> **WHAT TO WORK ON**
What you return must be the full data, repeated verbatim, with no pictures in it.

> **PROVIDED DATA**
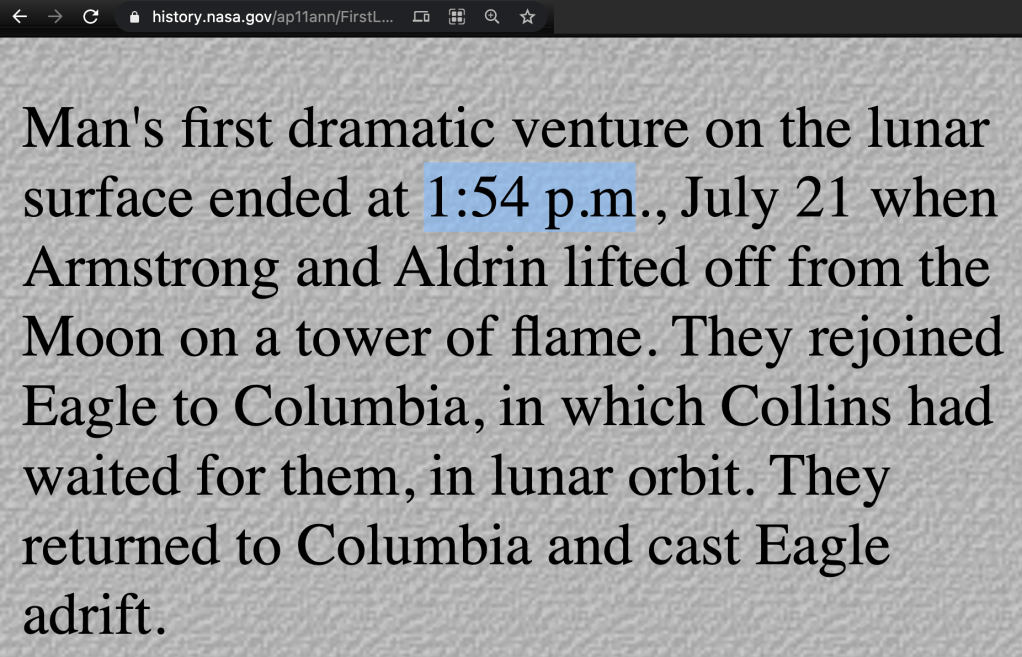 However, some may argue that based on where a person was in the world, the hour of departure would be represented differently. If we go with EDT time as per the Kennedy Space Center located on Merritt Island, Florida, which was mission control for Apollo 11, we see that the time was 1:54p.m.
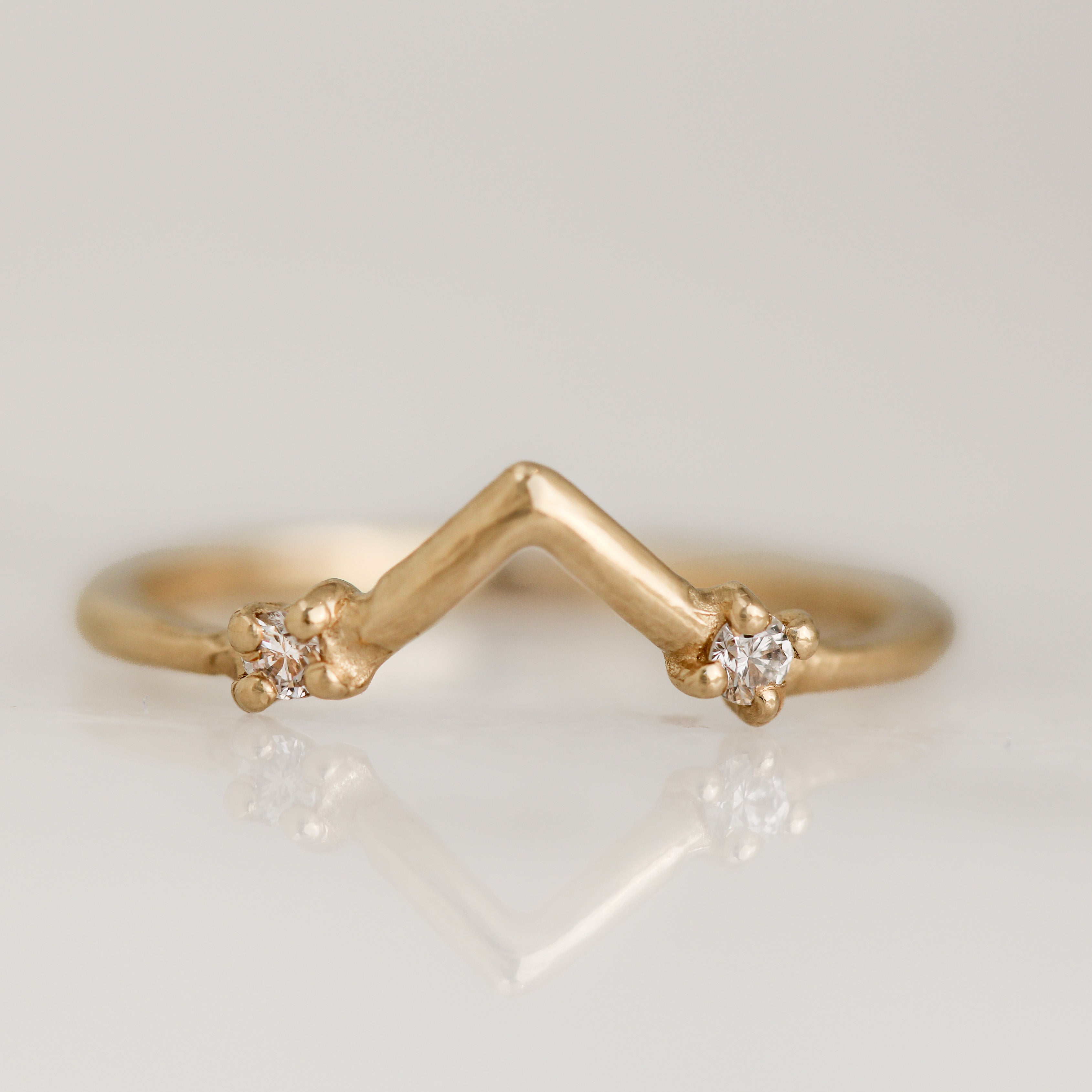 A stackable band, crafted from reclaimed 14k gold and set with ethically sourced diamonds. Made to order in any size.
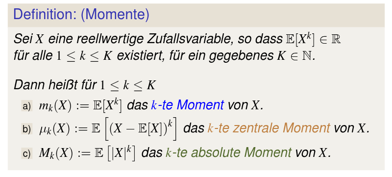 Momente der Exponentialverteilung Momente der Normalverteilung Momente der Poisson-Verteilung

> **YOUR SOLUTION**
 However, some may argue that based on where a person was in the world, the hour of departure would be represented differently. If we go with EDT time as per the Kennedy Space Center located on Merritt Island, Florida, which was mission control for Apollo 11, we see that the time was 1:54p.m.
 A stackable band, crafted from reclaimed 14k gold and set with ethically sourced diamonds. Made to order in any size.
 Momente der Exponentialverteilung Momente der Normalverteilung Momente der Poisson-Verteilung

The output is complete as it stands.